Because vulnerability scanners generate traffic that triggers lots of alerts, you
                most likely want to suppress alerts for them. If you integrated Device Security
                through Cortex XSOAR
                with Qualys, Rapid7, or Tenable vulnerability scanners,  Device Security
                automatically imports the names and IP addresses of all scan engines, and the names
                of all sites and vulnerability scan templates from the integrated product,  and adds
                them to the list of scanners on SettingsScanners. The Source column indicates that a scanner was automatically
                imported by displaying the integration product name: Qualys,
                    Rapid7, or Tenable. If you don't
                want to automatically import this information to the scanners list, disable
                    Automatically Synchronize Scanners with IoT Security in
                one of the following Cortex XSOAR jobs, depending on which integration
                you're using: PANW IoT Get Qualys Scanners and Profiles, PANW IoT Get Rapid7
                Scanners and Profiles, or PANW IoT Get Tenable Scanners and Profiles. Disabling this
                setting doesn't automatically remove previously imported scanners from the list in
                the Device Security portal. You must remove them manually by selecting them in
                the list, clicking Remove from Scanner List, and then
                clicking Continue at the prompt.
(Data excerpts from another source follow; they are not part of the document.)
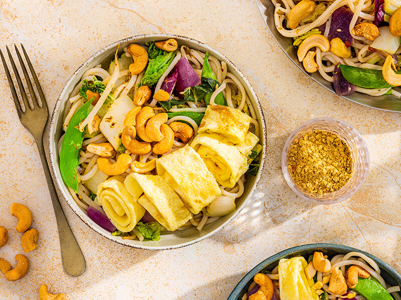 Vegetarische noedels met knapperige groenten, omeletreepjes en cashewnoten. Een supermakkelijke en smaakvolle maaltijd die zo op tafel staat.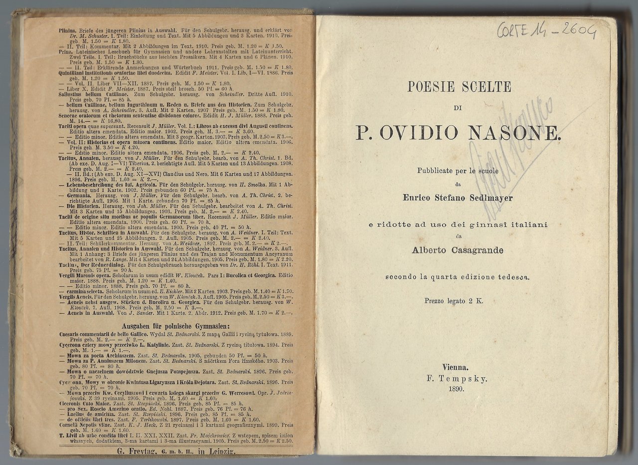 Poesie scelte di P. Ovidio Nasone, pubblicate per le scuole da Enrico Stefano Sedlmayer e ridotte ad uso dei ginnasi italiani da Alberto Casagrande secondo la 4° edizione tedesca.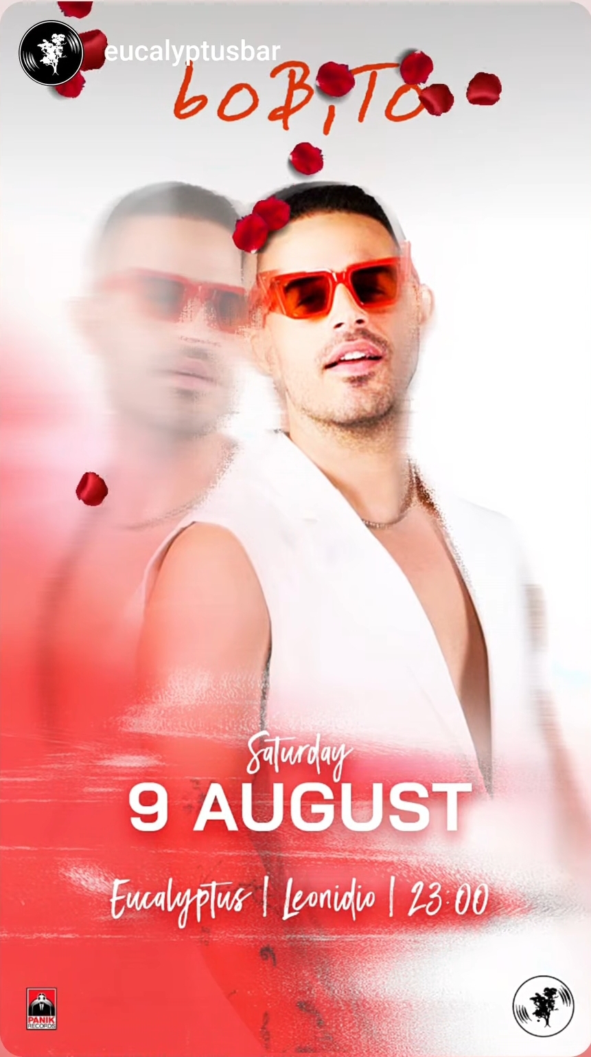 Σήμερα, Σάββατο, 9 Αυγούστου, η νύχτα στον Ευκάλυπτο στην Πλάκα Λεωνιδίου υπόσχεται να είναι μοναδική! Ο αγαπημένος μας Bobby (ή “Bóbito“) έρχεται για να ξεσηκώσει το κοινό με τους δυναμικούς του ρυθμούς και ατέλειωτο κέφι. Ανυπομονείτε για μια αξέχαστη βραδιά γεμάτη ενέργεια, τότε δεν υπάρχει καλύτερο μέρος από τον Ευκάλυπτο!

If you want to suppress alerts triggered by vulnerability scanners that are on your network but
                not integrated with Device Security, create a list of scanner IP addresses and upload
                it to Device Security. Click SettingsScanners, click Add Scanners, and then download a CSV
                template.
                
            For each scanner, add
its IP address and optionally its MAC address and a comment.
                
            Upload the file to Device Security. If IP addresses in the CSV file match those in the device
                inventory, Device Security adds them to the scanner list and begins to suppress alerts
                for them. (It can take up to an hour after the upload for alert suppression to
                begin.) The Source column in the Scanners table indicates that a scanner was
                manually uploaded by displaying User. If IP addresses are new
                to Device Security, it adds them to the scanner list and it adds them to the inventory
                as scanners after detecting network traffic for them. If there are duplicate
                entries, Device Security skips them during the upload process. Finally, if there’s a
                mismatch between the IP-and-MAC-address pairing for an uploaded scanner and the
                pairing for a device in its inventory, Device Security does not upload it.